The mean EDR was significantly increased during left ureteroscopy in the obese model at 0.0092 ± 0.0004 mSv/sec compared with 0.0041 ± 0.0003 mSv/sec in the nonobese model (P < 0.01), as well as during right ureteroscopy at 0.0061 ± 0.0002 and 0.0036 ± 0.0007 mSv/sec in the obese and nonobese model, respectively (P < 0.01). EDR during left ureteroscopy was significantly greater than right ureteroscopy in the obese model (P = 0.02).

CONCLUSIONS

Fluoroscopy during ureteroscopy contributes to the overall radiation dose for patients being treated for nephrolithiasis. Obese patients are at even higher risk because of increased exposure rates during fluoroscopy. Every effort should be made to minimize the amount of fluoroscopy used during ureteroscopy, especially with obese patients.

摘要

目的

确定肥胖对模拟输尿管镜检查期间辐射暴露的影响。

方法

使用一个经过验证的成年男性人体模型,其体重指数(BMI)约为24kg/m²,将其放置以模拟输尿管镜检查。在模型周围放置具有人体脂肪射线照相特征的填充物,以创建BMI为30kg/m²的肥胖模型。在两个模型中的20个器官位置放置金属氧化物半导体场效应晶体管(MOSFET)剂量计,以测量器官剂量。使用便携式C形臂提供荧光透视X射线辐射以模拟输尿管镜检查。器官剂量率通过将器官剂量除以透视时间来计算。
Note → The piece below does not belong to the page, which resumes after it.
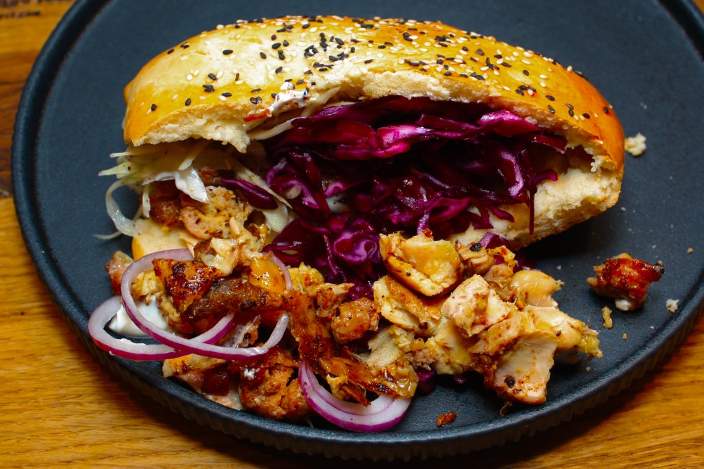 Klar, man kann zum Hörer oder zum Handy greifen und sich einen leckeren Döner bestellen, der einem sicherlich auch noch lauwarm in Mengen von Alufolie bis an die Haustür geliefert wird. Aber kann man nicht auch selber einen leckeren Döner zubereiten? Selbst wenn man keinen Drehspießgrill besitzt und nicht gleich einen ganzen Spieß zubereiten möchte? Klar, funktioniert und zwar richtig gut und kecker! Der Kniff heißt Pollo Fino. Das ist Hähnchenkeulenfleisch, bei dem die Knochen ausgelöst worden sind und man nur das saftige Keulenfleisch mit der Haut erhält. Fragt bei eurem Geflügeldealer danach, er kann euch sicherlich weiterhelfen. Ich habe für die Zubereitung Pollo Fino von Kikok vom Hof Borgmeyer verwendet. Dieses erhält man bei uns in Melle im Edeka Altenbernd.

有效剂量率(EDR,mSv/秒)计算为器官剂量率之和乘以相应的国际放射防护委员会(ICRP)103组织权重因子。

结果

肥胖模型在左侧输尿管镜检查期间的平均EDR显著增加,为0.0092±0.0004mSv/秒,而非肥胖模型为0.0041±0.0003mSv/秒(P<0.01);右侧输尿管镜检查期间,肥胖模型和非肥胖模型的EDR分别为0.0061±0.0002和0.0036±0.0007mSv/秒(P<0.01)。在肥胖模型中,左侧输尿管镜检查期间的EDR显著高于右侧输尿管镜检查(P = 0.02)。

结论

输尿管镜检查期间的透视会增加肾结石治疗患者的总体辐射剂量。肥胖患者因透视期间暴露率增加而面临更高风险。应尽一切努力尽量减少输尿管镜检查期间的透视使用量,尤其是对于肥胖患者。